[[ GIVEN INFORMATION open ]]
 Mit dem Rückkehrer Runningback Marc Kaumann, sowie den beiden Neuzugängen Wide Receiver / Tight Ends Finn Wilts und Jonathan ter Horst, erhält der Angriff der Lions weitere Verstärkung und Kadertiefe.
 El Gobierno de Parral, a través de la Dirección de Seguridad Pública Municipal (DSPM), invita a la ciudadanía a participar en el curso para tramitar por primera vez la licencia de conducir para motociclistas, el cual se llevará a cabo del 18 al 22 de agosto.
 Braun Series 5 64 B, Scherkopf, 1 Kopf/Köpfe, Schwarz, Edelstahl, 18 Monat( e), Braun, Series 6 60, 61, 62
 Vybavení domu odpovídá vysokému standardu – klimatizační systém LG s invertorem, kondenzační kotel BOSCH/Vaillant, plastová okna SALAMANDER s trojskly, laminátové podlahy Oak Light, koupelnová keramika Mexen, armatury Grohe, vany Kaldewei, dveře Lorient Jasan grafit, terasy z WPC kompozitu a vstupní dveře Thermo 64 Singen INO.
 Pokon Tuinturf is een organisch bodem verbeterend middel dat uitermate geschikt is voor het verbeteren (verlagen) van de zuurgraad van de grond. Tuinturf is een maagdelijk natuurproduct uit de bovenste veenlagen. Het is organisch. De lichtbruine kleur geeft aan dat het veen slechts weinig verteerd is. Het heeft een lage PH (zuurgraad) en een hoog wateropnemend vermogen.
[[ GIVEN INFORMATION closed ]]
EXERCISE PROMPT: Please output every record, keeping each line exact.

EXERCISE RESPONSE:
 Mit dem Rückkehrer Runningback Marc Kaumann, sowie den beiden Neuzugängen Wide Receiver / Tight Ends Finn Wilts und Jonathan ter Horst, erhält der Angriff der Lions weitere Verstärkung und Kadertiefe.
 El Gobierno de Parral, a través de la Dirección de Seguridad Pública Municipal (DSPM), invita a la ciudadanía a participar en el curso para tramitar por primera vez la licencia de conducir para motociclistas, el cual se llevará a cabo del 18 al 22 de agosto.
 Braun Series 5 64 B, Scherkopf, 1 Kopf/Köpfe, Schwarz, Edelstahl, 18 Monat( e), Braun, Series 6 60, 61, 62
 Vybavení domu odpovídá vysokému standardu – klimatizační systém LG s invertorem, kondenzační kotel BOSCH/Vaillant, plastová okna SALAMANDER s trojskly, laminátové podlahy Oak Light, koupelnová keramika Mexen, armatury Grohe, vany Kaldewei, dveře Lorient Jasan grafit, terasy z WPC kompozitu a vstupní dveře Thermo 64 Singen INO.
 Pokon Tuinturf is een organisch bodem verbeterend middel dat uitermate geschikt is voor het verbeteren (verlagen) van de zuurgraad van de grond. Tuinturf is een maagdelijk natuurproduct uit de bovenste veenlagen. Het is organisch. De lichtbruine kleur geeft aan dat het veen slechts weinig verteerd is. Het heeft een lage PH (zuurgraad) en een hoog wateropnemend vermogen.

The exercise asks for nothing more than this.